The downward extrapolation is done for each frequency independently and the imaging summation is performed inside each processor. The FFT subroutine is part of Connection Machine Scientific Software Library (CMSSL) and therefore presumably highly optimized, saving the programmer the annoyance of coding his own parallel 2-D and 3-D transforms.

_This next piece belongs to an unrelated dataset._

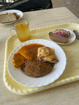 Обедали группой. Комплексный обед: салат из свежей капусты, борщ, пюре картофельное с куриной котлетой, чай и булочка с вишнёвой начинкой. Обслужили быстро, всё горячее и вкусное. Хлеб собственного производства, свежий и очень внусный. Персонал вежливый. Чисто и уютно.
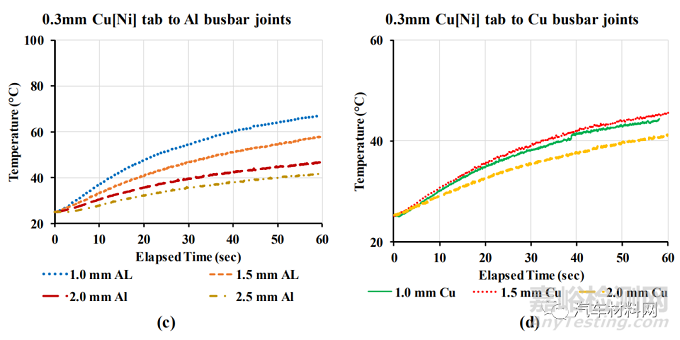 圖7 在250A電流下60s內(nèi)的溫升曲線,(a)0.3mm Al Tab焊接到Al Busbar,(b)0.3mm Al Tab焊接到Cu Busbar,(c)0.3mm Cu[Ni] Tab焊接到Al Busbar,(d)0.3mm Cu[Ni] Tab焊接到Cu Busbar。

The code is extremely condensed, adding to the already compressed formulation of the Fortran 90 language.
A simplified version of the actual program is provided
to give a flavor of the simplicity of algorithm representation.
The subroutine fft_time
executes a FFT over the time axis,
while the subroutines fft_xy
and fft_inv_xy
perform
forward and inverse FFTs in surface coordinates.
All the variables terminated in ``CM'' are Connection Machine parallel
arrays. The phase multiplication is done using the array phasorCM
and the wave extrapolation field slice for different velocities is stored in the
parallel array PkyzCM
.
The Split-step Fourier method can be easily obtained by minimally modifying the PSPI algorithm. The difference is that the downward extrapolation is done with a single velocity and the perturbation slowness phase shift is performed after the downward extrapolation step. Computationally the major difference between PSPI and Split-step is that PSPI performs three Fourier transforms inside the frequency loop while Split-step performs only two. On the Connection Machine this is reflected accurately in the run-time ratio of the two programs. I get a ratio of 1.45 to 1 between the execution time of the kernels of the two programs (158.01 seconds for PSPI and 108.77 seconds for Split-step). Oddly enough, on the Convex I get a ratio of 7.28 to 1 between the two PSPI and Split-step methods.